Он не без удовольствия вернулся в школу, когда кончились каникулы. Даже школа была лучше такой натужности, и потом — принудительный распорядок разгоняет черные мысли. Следующие каникулы прошли уже не так ужасно. Полегчало, меньше давила тоска. Мама, порой казалось, приободрилась, но тем больше, от неожиданности, страшно делалось, когда опять на нее находило. Раньше у них не бывало друг от друга секретов. Он ей всегда все вываливал про свои чувства, про все события, хоть сколько-нибудь для него важные. Теперь отношения переменились и похоже, что навсегда.

Прежнего, казалось, уж не вернуть. И он стал втайне оплакивать мать. Вот и теперь эти мысли: какая бледная, как печально сидит в своем трауре с дедушкой рядом, а карета тем временем уже гремит по деревенской улице. Одни лавки открыты, другие заперты, зависит — в церкви хозяин или дома остался. Ах, если бы я только мог ей помочь.

Нет, ничего тут нельзя поделать. И — совсем уж беда — эта моя с нею робость, вечный страх, как бы чего не ляпнуть, сказать невпопад, ненароком ее не обидеть, не ранить. Вот и во время службы то и дело поглядывал на нее, чтоб удостовериться, убедиться, что она это выдержит. Ждал, замирая, что вот она рухнет, потеряет сознание. По мне, так не надо, не надо вообще никакой поминальной службы, и мемориала не надо, да пусть бы отца даже забыли начисто, если б она, конечно, тоже могла забыть, только бы ей стало легче.

И при всем при том я решил отправиться к тете Мэри, чаи распивать! Снова больно кольнула совесть: мерзкий эгоист.
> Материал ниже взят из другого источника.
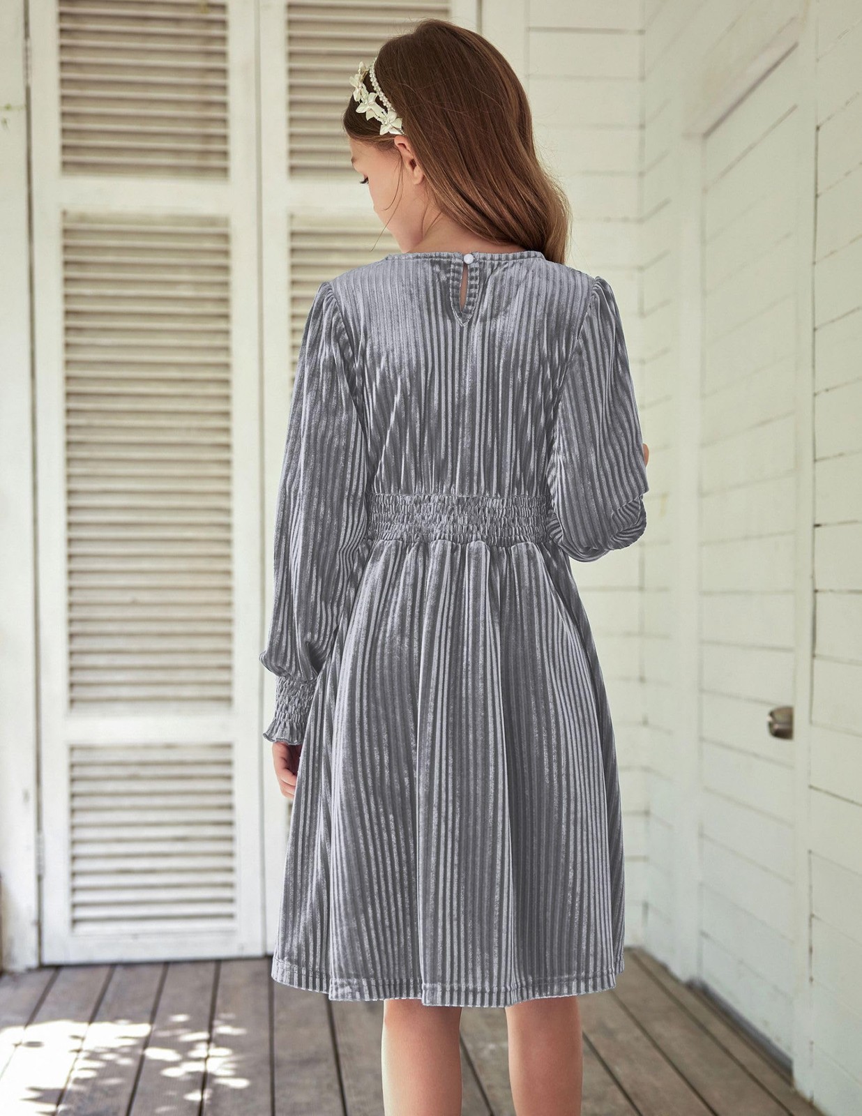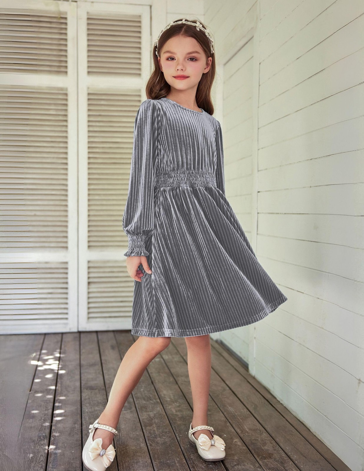 как выглядит Girls 4-13Y Gray Long Sleeve Velvet Dress Crew Neck Fall Plain Dress for Kids фото

Странно, и почему при мысли о тете Мэри я часто испытываю чувство вины перед мамой, без очевидных причин.

Он все еще был погружен в задумчивость, когда карета остановилась у парковых ворот, и Кент, кашлянув, тяжело, неуклюже стал слезать с козел.

Лили пришлось напомнить:

— Ворота, детка, — и похлопать его по коленке.

И он выпрыгнул, и он их открыл, как с восьми лет открывал и любил открывать — каждое воскресенье, после обедни, еле-еле дотягиваясь до щеколды, с пыхтеньем таща из земли шпингалет, опасливо косясь на объявление: «Посторонним вход воспрещен. Нарушитель ответит по закону. Джон Верной». Джон Верной медленно материализовался, приняв облик дедушки, — вот он смирно, тихо сидит в карете.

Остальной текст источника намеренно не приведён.